[RECORDED INFORMATION]:
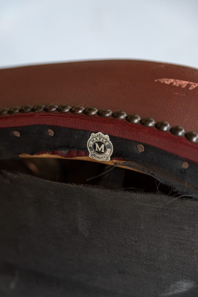 Two comfortable armchairs with burgundy leather upholstery with carved hardwood legs.
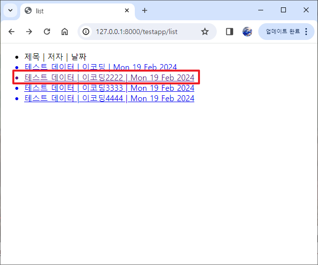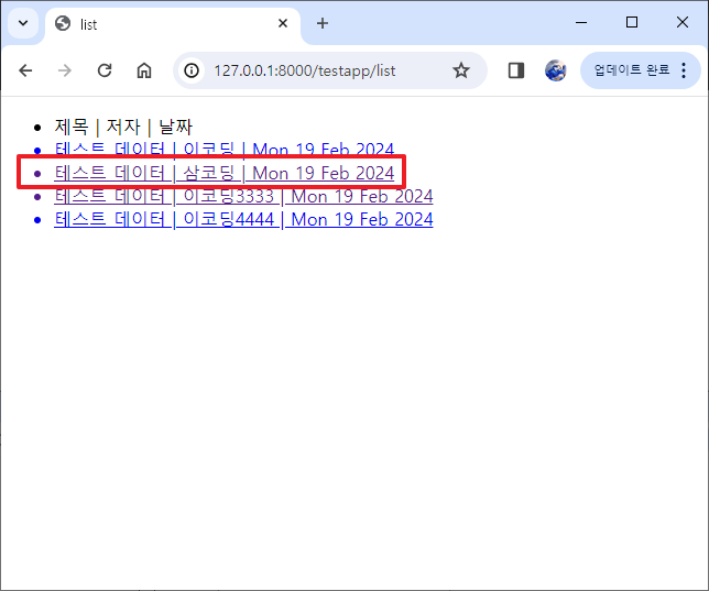 | Django 기초 예제 - 게시판(글목록) (0) | 2024.02.15 |
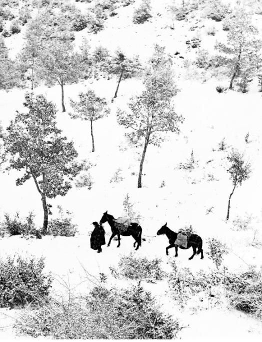 L’obiettivo di Roiter coglie vicoli in cui si incontrano volti di bambini sorpresi a giocare con le ceste di vimini o intenti a portare dai campi il peso di una sacca piena di frutta e verdura, paesaggi innevati solcati dal passo lento dei muli o dal segno commovente di piccole croci sbilenche in ferro battuto, borghi deserti perché di giorno tutti gli abitanti sono impegnati a coltivare la terra e accudire gli animali.
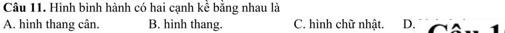 Câu 11. Hình bình hành có hai cạnh kề bằng nhau là
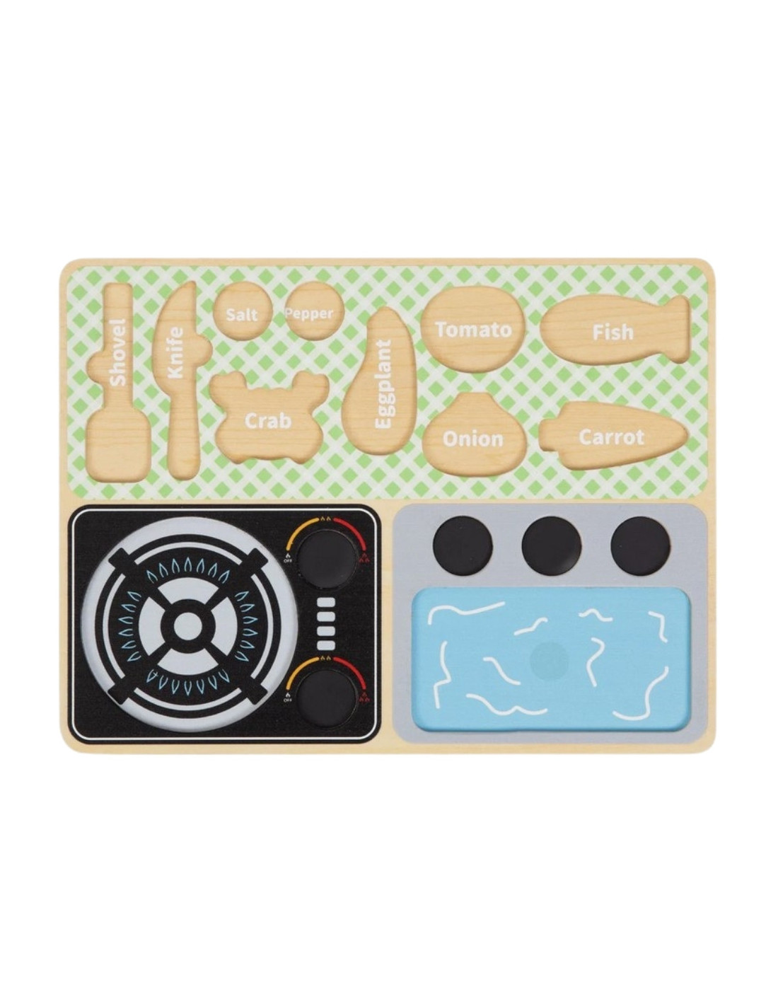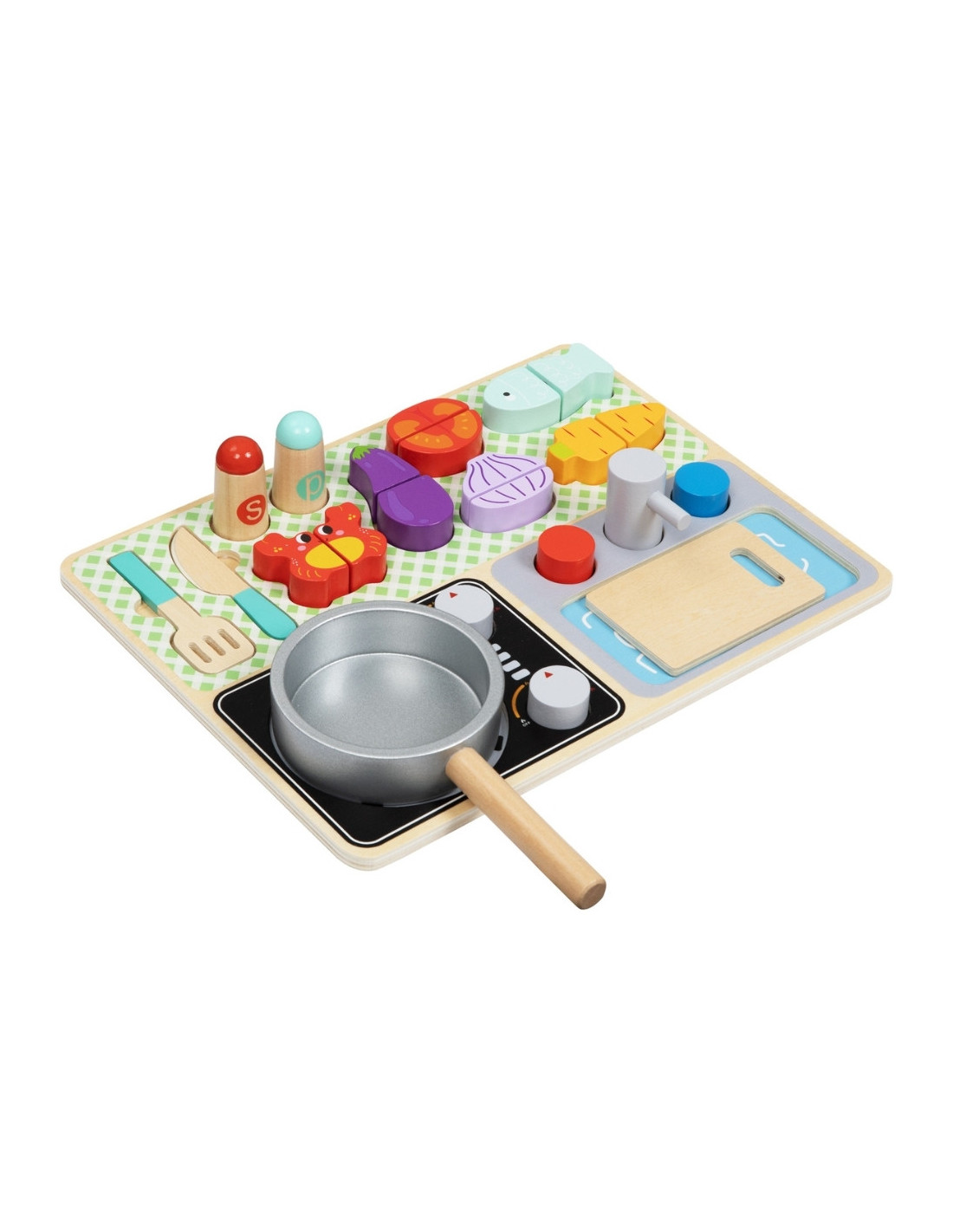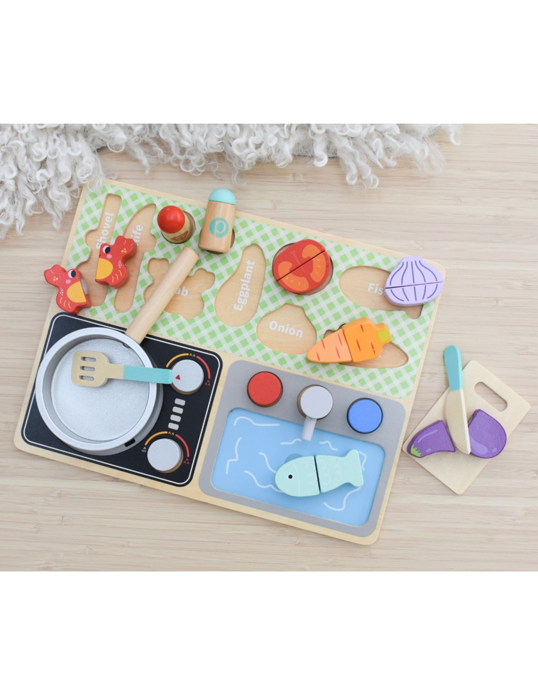 - ✔️ A convenient board that helps your child learn the names of vegetables, kitchen cutlery and other items related to cooking and eating

[PROBLEM TO SOLVE]:
Set down word for word the lines beginning with the one containing "L’obiettivo di Roiter" and ending with the last line of the listing, inclusive. Omit every picture.

[SOLUTION]:
 L’obiettivo di Roiter coglie vicoli in cui si incontrano volti di bambini sorpresi a giocare con le ceste di vimini o intenti a portare dai campi il peso di una sacca piena di frutta e verdura, paesaggi innevati solcati dal passo lento dei muli o dal segno commovente di piccole croci sbilenche in ferro battuto, borghi deserti perché di giorno tutti gli abitanti sono impegnati a coltivare la terra e accudire gli animali.
 Câu 11. Hình bình hành có hai cạnh kề bằng nhau là
 - ✔️ A convenient board that helps your child learn the names of vegetables, kitchen cutlery and other items related to cooking and eating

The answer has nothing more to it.